# College Physics 2.14 – A Football Quarterback’s Velocity

## Solution:

### Part A

The average velocity for each interval is computed using the formula

$\displaystyle \text{v}=\frac{\text{distance}}{\text{time}}$

For the first interval

$\displaystyle \text{v}_1=\frac{15.0\:\text{meters}}{2.50\:\sec }=6.00\:\text{m/s}$

For the second interval

$\displaystyle \text{v}_2=\frac{-3.00\:\text{meters}}{1.75\:\sec }=-1.71\:\text{m/s}$

For the third interval

$\displaystyle \text{v}_3=\frac{21.0\:\text{m}}{5.20\:\text{sec}}=4.04\:\text{m/s}$

### Part B

For the entire motion, we need displacement from the beginning to the end.
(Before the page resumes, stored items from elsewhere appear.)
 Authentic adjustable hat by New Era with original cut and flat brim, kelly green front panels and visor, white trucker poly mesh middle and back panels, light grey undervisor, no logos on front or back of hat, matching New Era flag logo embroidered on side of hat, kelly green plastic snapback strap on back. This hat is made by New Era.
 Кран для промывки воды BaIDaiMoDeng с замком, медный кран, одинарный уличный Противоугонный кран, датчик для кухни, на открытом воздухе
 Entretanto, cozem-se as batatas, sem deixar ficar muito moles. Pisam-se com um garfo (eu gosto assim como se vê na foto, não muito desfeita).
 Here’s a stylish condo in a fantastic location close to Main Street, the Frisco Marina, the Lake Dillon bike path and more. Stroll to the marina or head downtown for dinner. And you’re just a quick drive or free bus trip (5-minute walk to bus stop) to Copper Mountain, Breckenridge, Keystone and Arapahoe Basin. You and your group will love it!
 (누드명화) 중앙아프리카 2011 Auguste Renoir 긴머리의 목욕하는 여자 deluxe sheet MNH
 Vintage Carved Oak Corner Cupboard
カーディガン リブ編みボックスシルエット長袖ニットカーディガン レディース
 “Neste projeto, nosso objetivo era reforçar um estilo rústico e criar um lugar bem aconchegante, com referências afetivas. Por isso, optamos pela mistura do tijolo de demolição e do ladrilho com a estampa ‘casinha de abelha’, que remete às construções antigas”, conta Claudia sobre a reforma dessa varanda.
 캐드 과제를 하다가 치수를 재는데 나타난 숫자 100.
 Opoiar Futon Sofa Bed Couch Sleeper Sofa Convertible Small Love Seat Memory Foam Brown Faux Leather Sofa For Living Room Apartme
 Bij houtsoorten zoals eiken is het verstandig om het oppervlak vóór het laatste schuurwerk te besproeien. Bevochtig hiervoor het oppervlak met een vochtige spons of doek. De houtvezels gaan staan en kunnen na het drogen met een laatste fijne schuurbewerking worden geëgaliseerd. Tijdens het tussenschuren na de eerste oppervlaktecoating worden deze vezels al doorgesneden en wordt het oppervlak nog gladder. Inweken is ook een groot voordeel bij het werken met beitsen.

$\displaystyle \text{v}=\frac{\text{displacement}}{\text{time}}$

$\displaystyle \text{v}=\frac{15\:\text{m}-3\:\text{m}+21\:\text{m}}{2.50\:\text{s}+1.75\:\text{s}+5.20\:\text{s}}$

$\displaystyle \text{v}=\frac{33\:\text{m}}{9.45\:\text{s}}$

$\displaystyle \text{v}=3.49\:\text{m/s}$